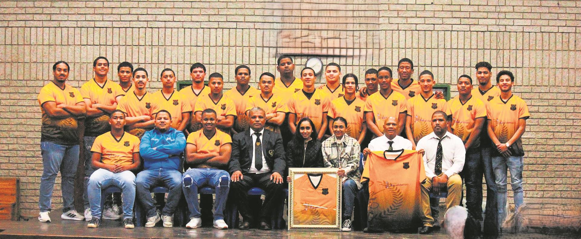 Hamlets se o.20-span pronk in hul nuwe uitrusting. Angelo Arendse (voorsitter) sit voor in die middel by verteenwoordigers van die onderskeie borge. Foto’s: David Rossouw
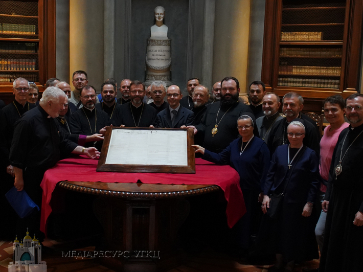 Прибувши до Флоренції, делегація УГКЦ відвідала музей-бібліотеку “Medicea Laurenziana”, в якій зберігається оригінал актів Флорентійського собору 1439 року та Луцький псалтир 1360 р. Єпископи УГКЦ мали нагоду побачити оригінальний підпис митрополита Ісидора та єпископа Авраамія, правдоподібно єпископа Суздальського, — представників Київської митрополії на Флорентійському соборі. Окрім цього, українські єпископи побачили переклад актів старослов’янською мовою, які були виготовлені для делегації Київської митрополії.
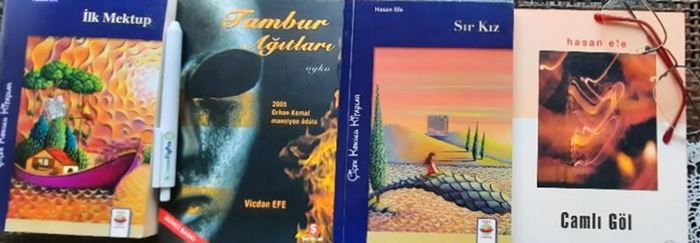 2 yazar “Hasan Efe” ve eşi “Vicdan Efe,” 4 kitap “İlk Mektup, Sır Kız, Camlı Göl” Hasan Efenin “Tambur Ağıtları” ise Vicdan Efenin eserleri.
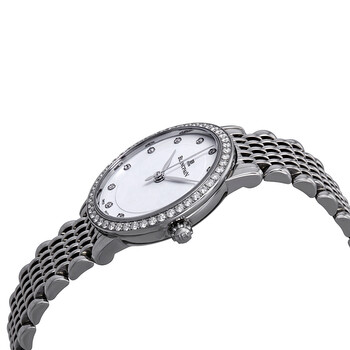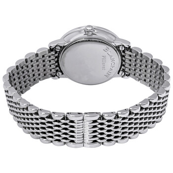 Silver-tone stainless steel case with a silver-tone stainless steel mesh bracelet. Fixed silver-tone bezel with diamond set. White dial with silver-tone leaf-style shape hands and diamond hour markers. Dial Type: Analog. Blancpain Calibre 953 Automatic movement, containing 21 Jewels, composed of 175 parts, bitting at 21600 vph, and has a power reserve of approximately 40 hours. Scratch resistant sapphire crystal. Solid case back. Round case shape, case size: 29 mm, case thickness: 8.7 mm. Band width: 15 mm. Folding clasp. Water resistant at 30 meters / 100 feet. Functions: hour, minute, second. Additional Info: 0.75 carat(s). Villeret Series. Luxury watch style. Watch label: Swiss Made. Blancpain Villeret Ultra Slim Automatic Diamond Ladies Watch 6102-4628-AMMB.
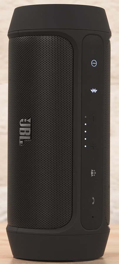 Для установки колонки в вертикальном положении на правом торце предусмотрены маленькие ножки (их видно на одном из фото). Индикатор под кнопками регулировки громкости демонстрирует уровень заряда батареи Charge 2.
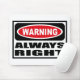 Advirtiendo Mousepad SIEMPRE DERECHO usted puede modificar para requisitos particulares en www.WarningSignShirts.com y ofrece una señal de peligro roja y negra y SIEMPRE A LA DERECHA en letras negras intrépidas de advertir el mundo. Usted puede también modificar su propia señal de peligro para requisitos particulares Mousepad con el texto que usted quiere.
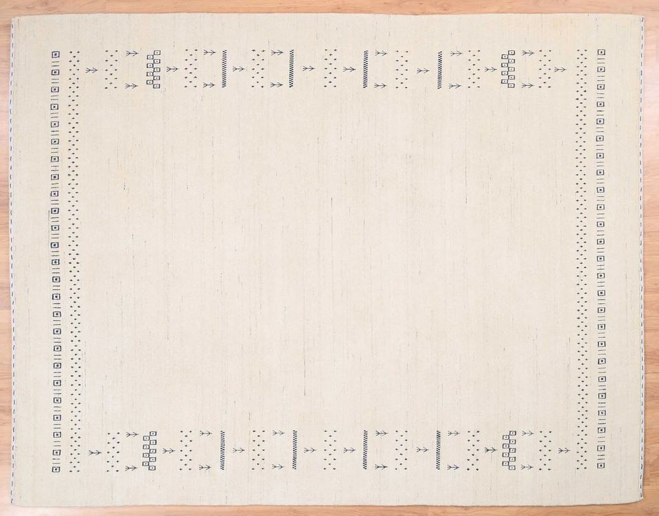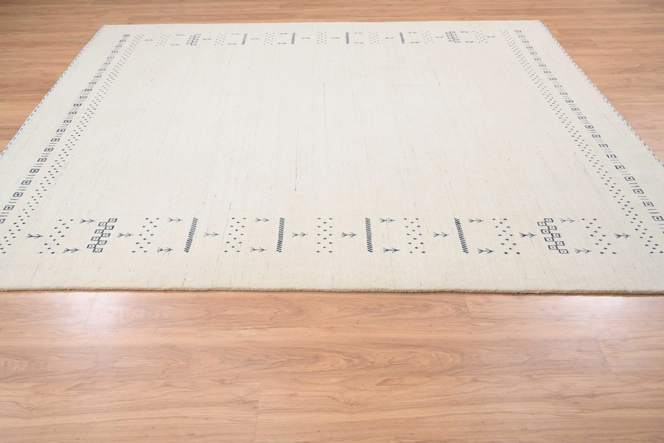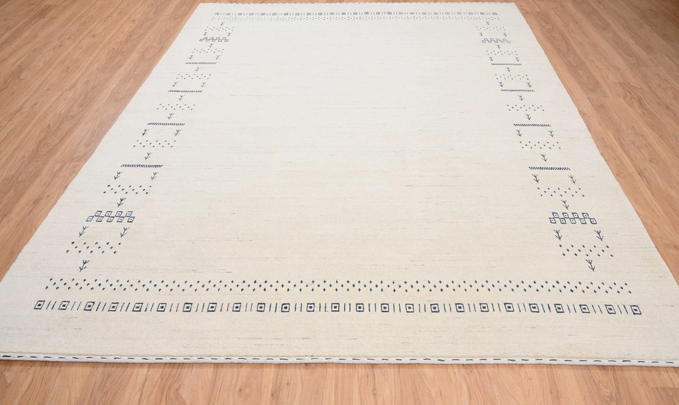 Tapis Gabbeh en laine tissé à la main, motif tribal crème avec accents bleus, taille personnalisée, tapis de sol blanc, décoration intérieure confortable
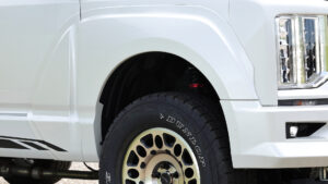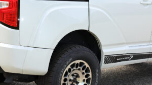 車両のボリュームをアップさせるのが前後フェンダー。フロントは純正交換。リアはボディに装着するが、リアバンパーまでカバーするほどのサイズにすることで9㎜とは思えないほどの迫力あるワイド感を演出している。
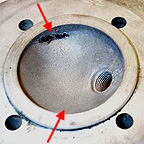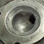 Vespa VBA head - a very domed chamber with small indentations (arrowed) to allow for the clearance with the deflector type piston. A small lip is also present.
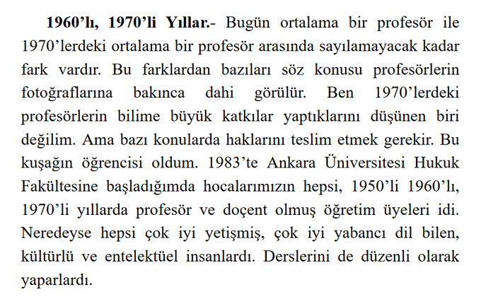 "Ben 1970'lerdeki profesörlerin bilime büyük katkılar yaptıklarını düşünen biri değilim. Ama bazı konularda haklarını teslim etmek gerekir":
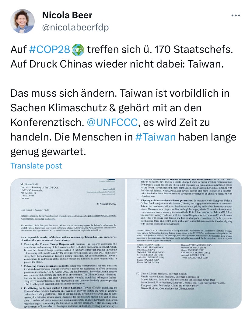 歐洲議會副議長畢爾(Nicola Beer)於11月28日領銜,率31位歐洲議會議員聯名致函聯合國氣候變化綱要公約(UNFCCC)執行秘書Simon Stiell,強力支持台灣參與UNFCCC及「巴黎協定」(Paris Agreement),並敦促UNFCCC肯定台灣對全球永續發展所做的努力。歐洲地區「福爾摩沙俱樂部」(Formosa Club)各國共同主席及成員,超過200位跨國議員也做出相同呼籲。駐歐盟兼駐比利時代表處對歐洲議會畢爾副議長、歐洲議會議員及歐洲跨國議會平台議員再次以實際行動聲援台灣的國際參與,表達誠摯歡迎及感謝。

==========

Your objective: Drop the images; restate the listing exactly.

Output below:
 Hamlets se o.20-span pronk in hul nuwe uitrusting. Angelo Arendse (voorsitter) sit voor in die middel by verteenwoordigers van die onderskeie borge. Foto’s: David Rossouw
 Прибувши до Флоренції, делегація УГКЦ відвідала музей-бібліотеку “Medicea Laurenziana”, в якій зберігається оригінал актів Флорентійського собору 1439 року та Луцький псалтир 1360 р. Єпископи УГКЦ мали нагоду побачити оригінальний підпис митрополита Ісидора та єпископа Авраамія, правдоподібно єпископа Суздальського, — представників Київської митрополії на Флорентійському соборі. Окрім цього, українські єпископи побачили переклад актів старослов’янською мовою, які були виготовлені для делегації Київської митрополії.
 2 yazar “Hasan Efe” ve eşi “Vicdan Efe,” 4 kitap “İlk Mektup, Sır Kız, Camlı Göl” Hasan Efenin “Tambur Ağıtları” ise Vicdan Efenin eserleri.
 Silver-tone stainless steel case with a silver-tone stainless steel mesh bracelet. Fixed silver-tone bezel with diamond set. White dial with silver-tone leaf-style shape hands and diamond hour markers. Dial Type: Analog. Blancpain Calibre 953 Automatic movement, containing 21 Jewels, composed of 175 parts, bitting at 21600 vph, and has a power reserve of approximately 40 hours. Scratch resistant sapphire crystal. Solid case back. Round case shape, case size: 29 mm, case thickness: 8.7 mm. Band width: 15 mm. Folding clasp. Water resistant at 30 meters / 100 feet. Functions: hour, minute, second. Additional Info: 0.75 carat(s). Villeret Series. Luxury watch style. Watch label: Swiss Made. Blancpain Villeret Ultra Slim Automatic Diamond Ladies Watch 6102-4628-AMMB.
 Для установки колонки в вертикальном положении на правом торце предусмотрены маленькие ножки (их видно на одном из фото). Индикатор под кнопками регулировки громкости демонстрирует уровень заряда батареи Charge 2.
 Advirtiendo Mousepad SIEMPRE DERECHO usted puede modificar para requisitos particulares en www.WarningSignShirts.com y ofrece una señal de peligro roja y negra y SIEMPRE A LA DERECHA en letras negras intrépidas de advertir el mundo. Usted puede también modificar su propia señal de peligro para requisitos particulares Mousepad con el texto que usted quiere.
 Tapis Gabbeh en laine tissé à la main, motif tribal crème avec accents bleus, taille personnalisée, tapis de sol blanc, décoration intérieure confortable
 車両のボリュームをアップさせるのが前後フェンダー。フロントは純正交換。リアはボディに装着するが、リアバンパーまでカバーするほどのサイズにすることで9㎜とは思えないほどの迫力あるワイド感を演出している。
 Vespa VBA head - a very domed chamber with small indentations (arrowed) to allow for the clearance with the deflector type piston. A small lip is also present.
 "Ben 1970'lerdeki profesörlerin bilime büyük katkılar yaptıklarını düşünen biri değilim. Ama bazı konularda haklarını teslim etmek gerekir":
 歐洲議會副議長畢爾(Nicola Beer)於11月28日領銜,率31位歐洲議會議員聯名致函聯合國氣候變化綱要公約(UNFCCC)執行秘書Simon Stiell,強力支持台灣參與UNFCCC及「巴黎協定」(Paris Agreement),並敦促UNFCCC肯定台灣對全球永續發展所做的努力。歐洲地區「福爾摩沙俱樂部」(Formosa Club)各國共同主席及成員,超過200位跨國議員也做出相同呼籲。駐歐盟兼駐比利時代表處對歐洲議會畢爾副議長、歐洲議會議員及歐洲跨國議會平台議員再次以實際行動聲援台灣的國際參與,表達誠摯歡迎及感謝。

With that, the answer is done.